The only hope of the mining sector is to support friends of coal. Donald Trump is such a friend. The enemy is Obama and his policy on energy and climate.
Donald Trump is the last hope. At least for the coal miners in the United States. At least according to Bob Murray, the majority shareholder of Murray Energy, a large American coal mining corporation that primarily operates its mines in the states of West Virginia and Ohio. Recently he held a fundraising event for the presumptive Republican presidential candidate to help the increasingly cash-strapped real estate billionaire with his campaign financing. The only hope for the sector and the miners is to support “friends of coal.” Precisely as Trump is doing.
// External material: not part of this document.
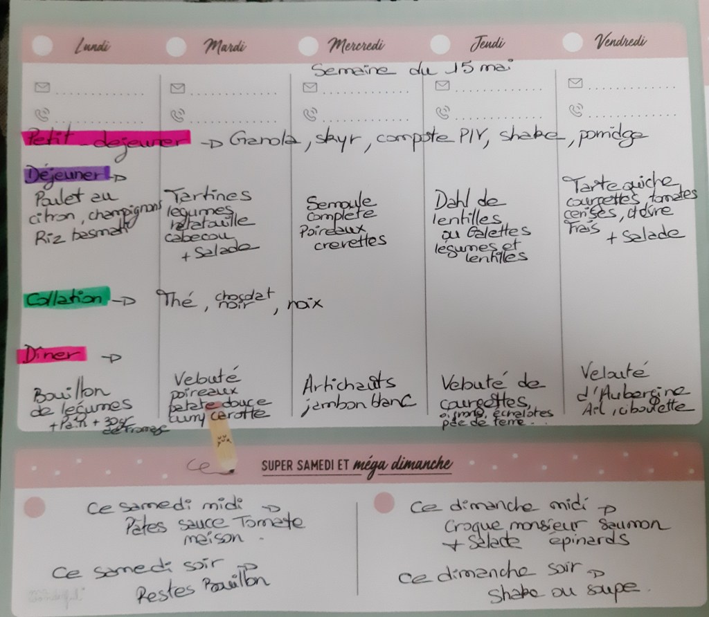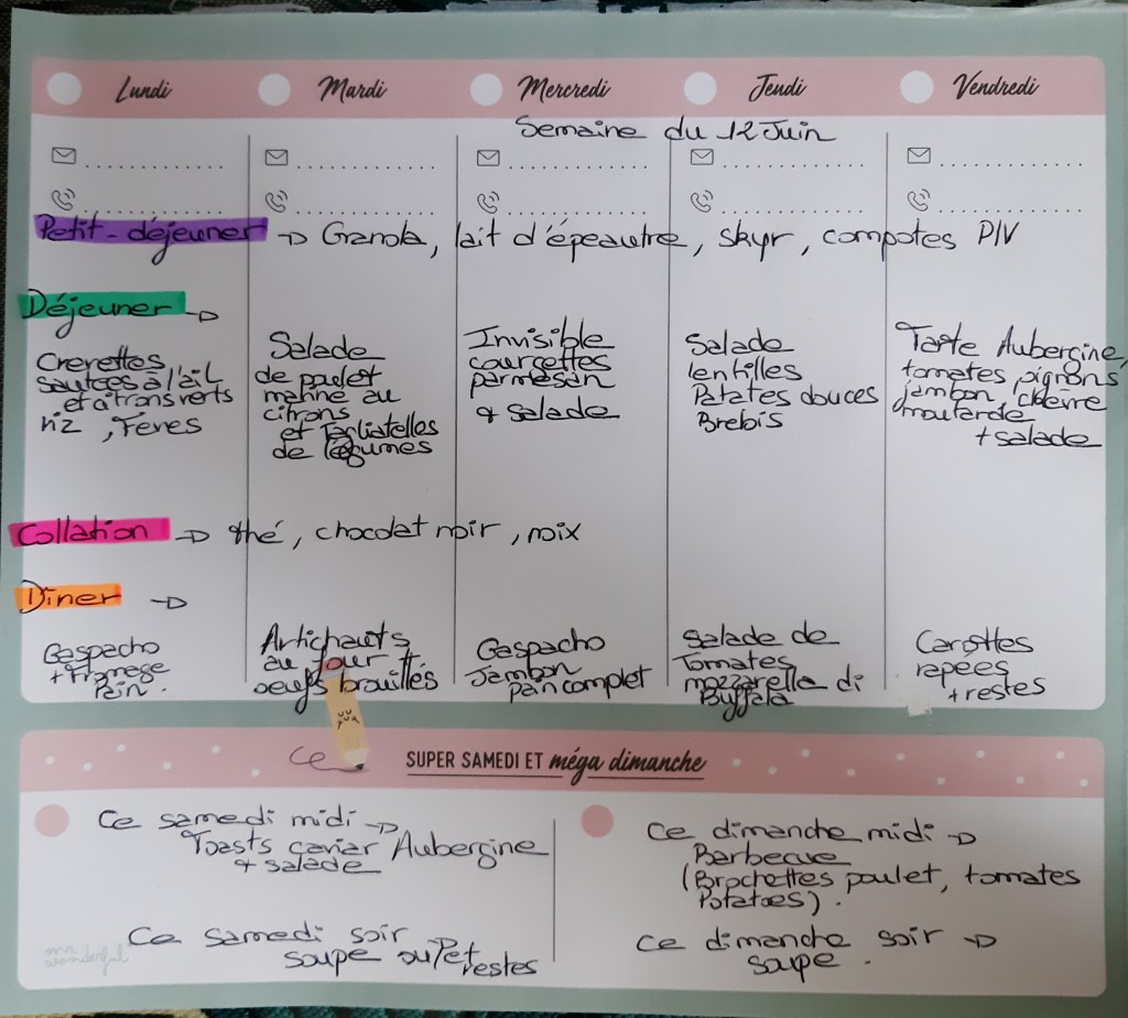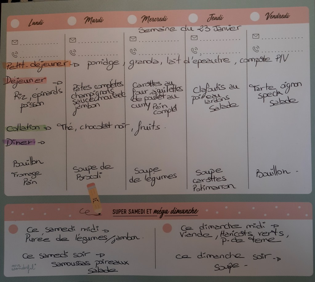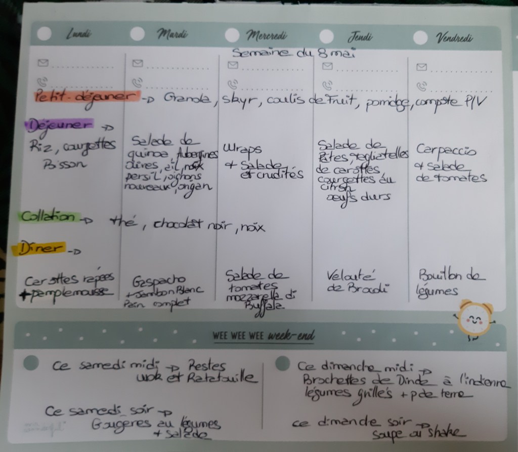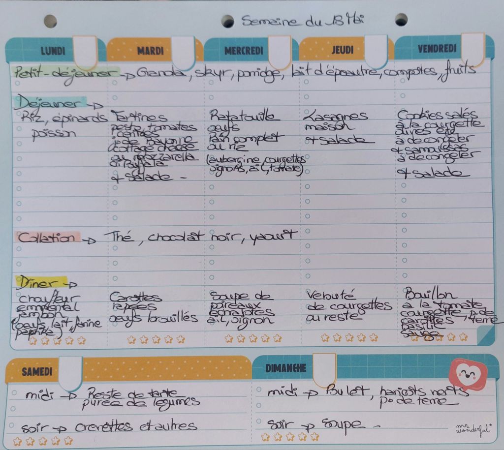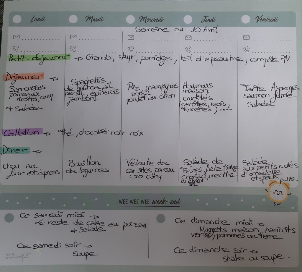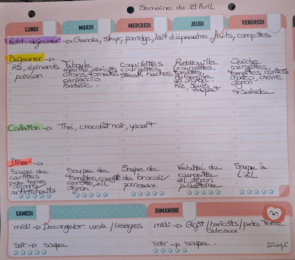 Pour créer mes menus, j’ai un semainier de la marque Mr Wonderful, il est pratique et permet de visualiser ta semaine en un clin d’œil !😉

It is a straw that Murray is clutching at. And it will give him only a little security. The corporation boss who recently announced the termination of up to 80 percent of the 5,400 miners employed by him fosters a clear image of the enemy as “the ongoing deliberate destruction of the United States coal industry by Barack Obama and his supporters.”* Yet the decline of the U.S. coal sector is only in small part due to the Obama administration’s policy on the environment and climate and the actions of anti-coal activists, against whom Murray so vehemently rails. The main cause, according to experts, is primarily competition from the generation of electricity through the cheap natural gas obtained by fracking. It has led to more than a third of all U.S. coal-fired power stations being taken offline or deactivated since 2010.
In his speech on energy and (anti)-climate policy at the end of May, Trump boasted, “We’re going to bring back the coal industry, save the coal industry.” He wants to bring closed mines into operation again and create new jobs. So far, so pithy. Because almost all large U.S. coal conveyors have filed for insolvency or bankruptcy protection. Yet Trump did not say how he would influence the electricity market, especially as he wants to promote the coal-killing fracking industry more strongly. Everything is not so neatly accomplished. But that doesn’t bother Murray. The coal boss is putting pressure on Washington. His might roll out his announced wave of terminations in September just a few weeks before the presidential election so that ex-miners will then also know how to vote.
That will hardly make the election even if Ohio is a swing state, the kind that sometimes votes Republican and sometimes Democratic. Obama and Clinton’s Democrats have a difficult position when it comes to coal miners. But the Murray story shows what chaos would threaten the U.S. with Trump regarding energy policy, too. Not the last hope, but instead, last rites.
*Editor’s note: I could only partially source this quote.